**TASK BRIEF:** Every line of the material below needs to be copied exactly; omit the pictures.

**SUPPLIED MATERIAL:**
*-*-*
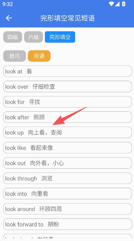 短语列表内容详实,常见短语按类别进行整理,像look相关的短语就归为一类,便于学习者集中记忆,提升短语积累的效率。
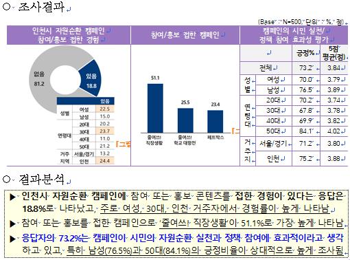 환경특별시로 자리매김하고 있는 인천시가 자원순환정책 인지도 및 인식을 확인하고, 홍보활동 평가를 위해 지난해 추진한 자원순환정책 홍보 만족도 조사를 실시해 그 결과를 발표했다.
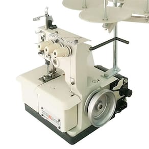 Máquina de costura galoneira 4 fios portátil. Utilizada para barras, bainhas, debrum (viés) e rebatimento de elástico em tecidos leves. Produto nacional fabricado por uma empresa 100% brasileira.
*-*-*
**ANSWER SPACE:**
 短语列表内容详实,常见短语按类别进行整理,像look相关的短语就归为一类,便于学习者集中记忆,提升短语积累的效率。
 환경특별시로 자리매김하고 있는 인천시가 자원순환정책 인지도 및 인식을 확인하고, 홍보활동 평가를 위해 지난해 추진한 자원순환정책 홍보 만족도 조사를 실시해 그 결과를 발표했다.
 Máquina de costura galoneira 4 fios portátil. Utilizada para barras, bainhas, debrum (viés) e rebatimento de elástico em tecidos leves. Produto nacional fabricado por uma empresa 100% brasileira.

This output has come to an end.